Source material:
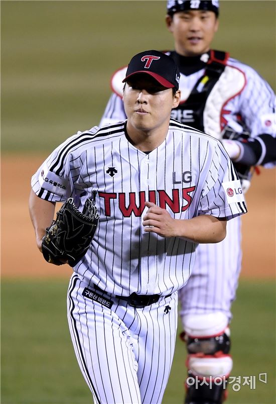 [아시아경제 김현민 기자]프로야구 삼성 라이온즈와 LG 트윈스의 2017 KBO리그 경기가 4일 잠실구장에서 열렸다. LG 선발 차우찬이 7회 초 1사 1루에서 김지용과 교체되고 있다.
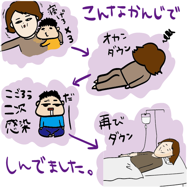 2人子連れ、ご自身の体調不良、プラス妊娠中となると、ほんまにしんどかったでしょう。。お察しいたします。早く早く良くなりますように。。
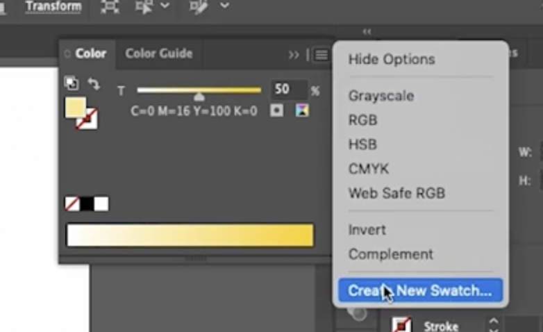 그다음 **오른쪽 상단 메뉴에서 [새 스와치 만들기]**를 선택합니다. 현재 RGB 프로필 문서이기 때문에 CMYK로 바꾸면 약간의 차이는 생길 수 있지만, 정확한 수치를 넣으면 쉽게 동일한 색상으로 맞출 수 있습니다.
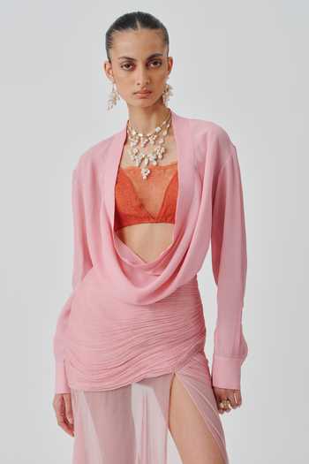 Pink Crepe Cowl Neck Rosaria Top
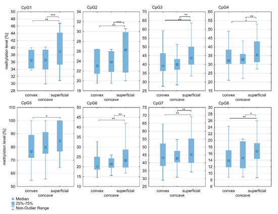 - Meng, Y.; Lin, T.; Liang, S.; Gao, R.; Jiang, H.; Shao, W.; Yang, F.; Zhou, X. Value of DNA methylation in predicting curve progression in patients with adolescent idiopathic scoliosis. EBioMedicine 2018, 36, 489–496. [Google Scholar] [CrossRef]
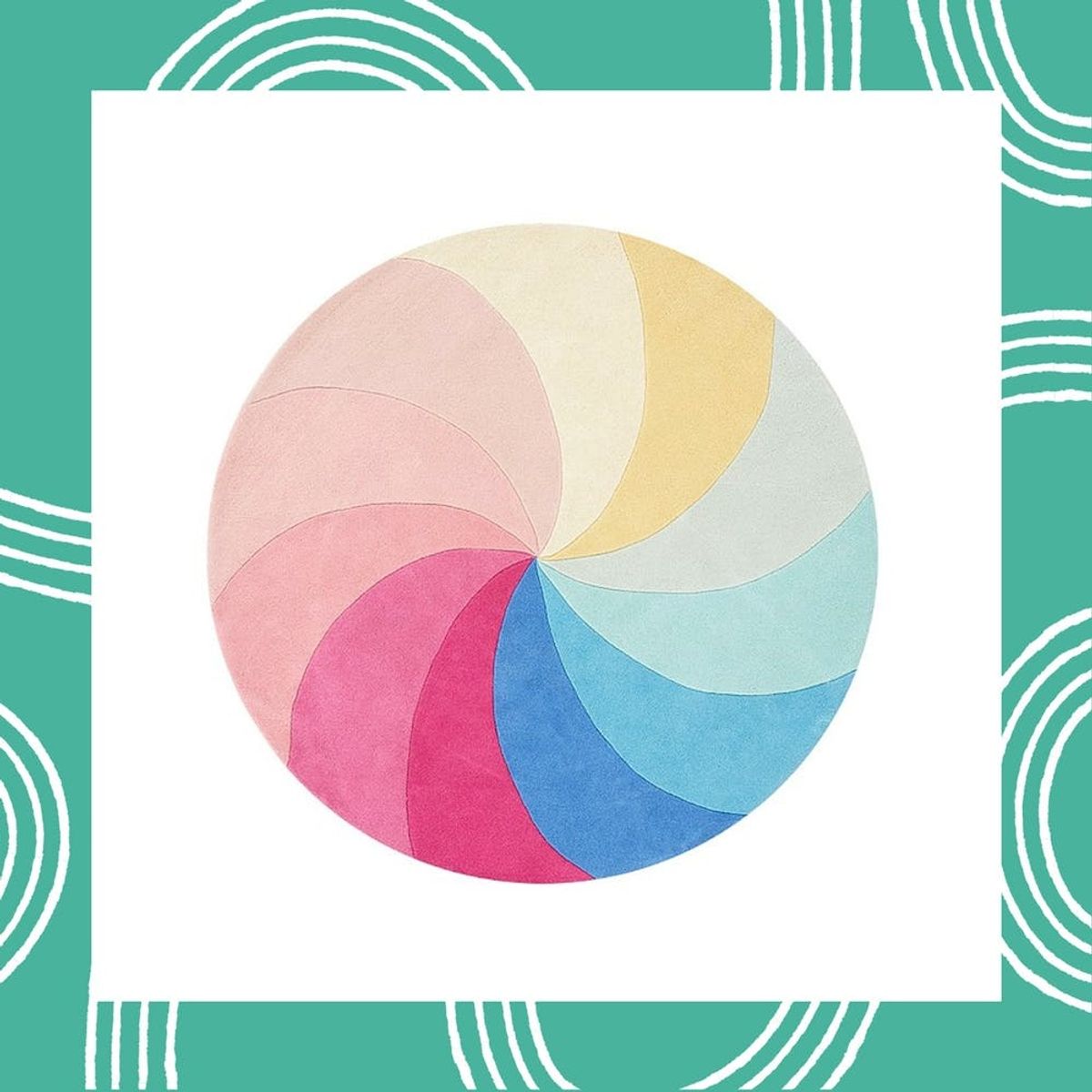 Add a splash of color to your baby’s room with this rainbow rug. Made from 100 percent wool, this soft accent piece is perfect for your baby’s tummy-time playdates.

Instructions to follow:
Repeat only the lines from the beginning of the material through the line containing "2人子連れ、ご自身の体調不良", both ends kept, leaving pictures out.

Solution to this problem:
 [아시아경제 김현민 기자]프로야구 삼성 라이온즈와 LG 트윈스의 2017 KBO리그 경기가 4일 잠실구장에서 열렸다. LG 선발 차우찬이 7회 초 1사 1루에서 김지용과 교체되고 있다.
 2人子連れ、ご自身の体調不良、プラス妊娠中となると、ほんまにしんどかったでしょう。。お察しいたします。早く早く良くなりますように。。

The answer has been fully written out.